Markel tells the stories of Tuberculosis, Bubonic Plague, Trachoma, Typhus, AIDS and Cholera all through the lens of the immigrant experience.

The two stories that really hit me were the story of Haitians with AIDS caught behind barbed wire at Guantanamo Bay. As Markel details the ways the virus destroys cells from within, forcing host cells to continue replicating the virus making the host susceptible to other diseases, he juxtaposes those images with the story of one Haitian man and the horrible conditions he was forced to endure.

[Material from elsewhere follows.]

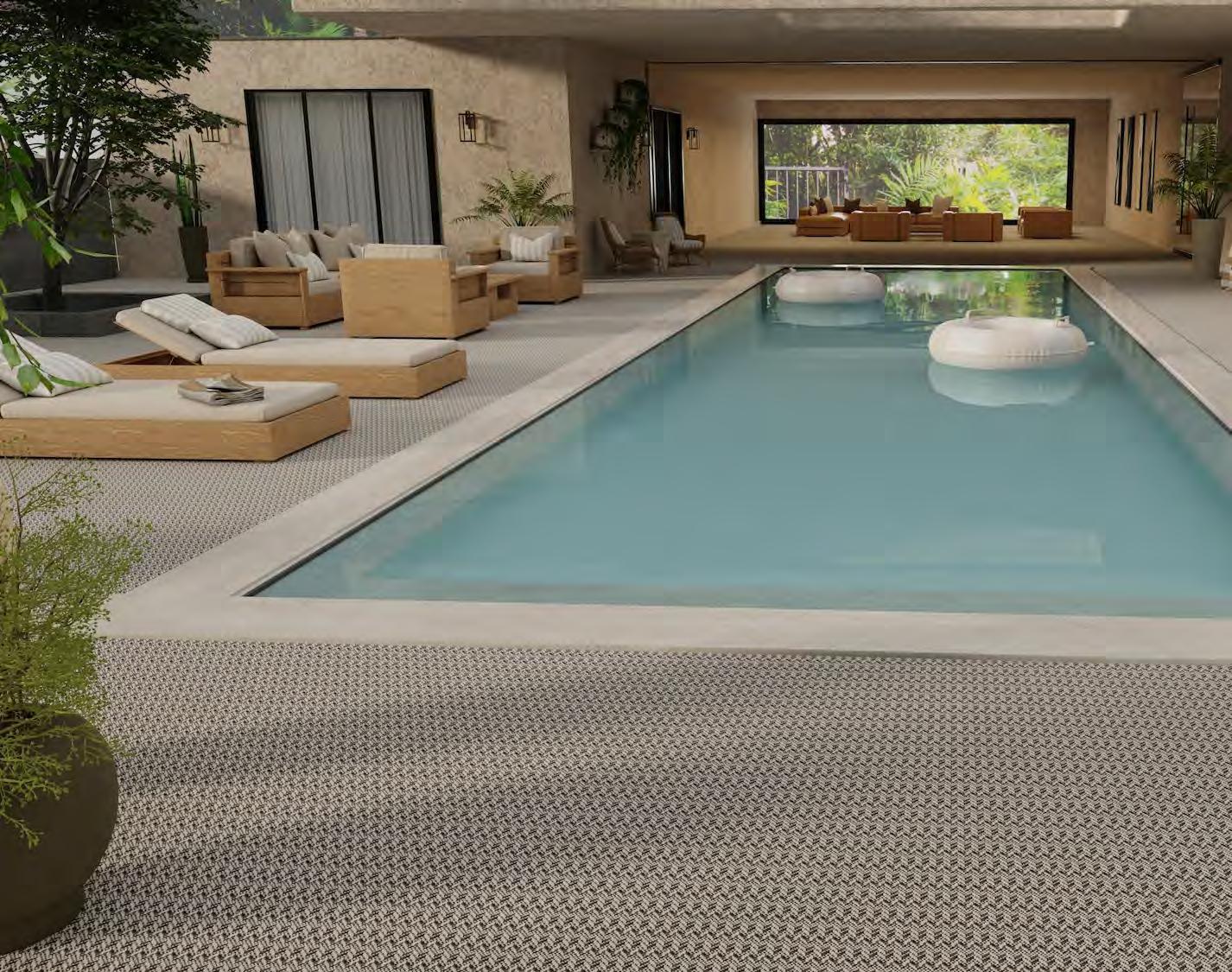A chic chevron design is expanded in size and dimension in the Strata collection. This large-scale zigzag pattern takes the static out of design equation to provide a sound foundation to any space.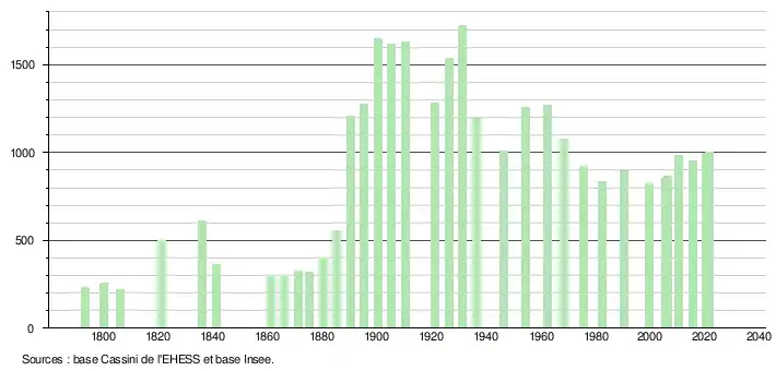 L'évolution du nombre d'habitants est connue à travers les recensements de la population effectués dans la commune depuis 1793. Pour les communes de moins de 10 000 habitants, une enquête de recensement portant sur toute la population est réalisée tous les cinq ans, les populations légales des années intermédiaires étant quant à elles estimées par interpolation ou extrapolation[26]. Pour la commune, le premier recensement exhaustif entrant dans le cadre du nouveau dispositif a été réalisé en 2005[27].

The other story that hit me was Typhus and the immigration and sanitation procedures set up along the Mexican-US Border between Ciudad Juarez and El Paso. Describing the bath mixture of gasoline, kerosene, etc that day laborers were enforced to endure just to cross the border (to kill typhus-bearing lice) was horrible.

So, in reality, this book taught me more about how race and prejudice contribute to questionable decisions about health care and public health more than it taught me about the science of the diseases themselves.

Very readable and engaging for me, a non-scientist, if difficult to read sometimes (not due to writing, but due to the nature of how the U.S. government has forced immigrants into quarantines and denied them needed healthcare or prevented them from entering the U.S. all in the name of public health). There were very few "happy" endings for the individuals in this book Markel chose as the "human face" for each disease.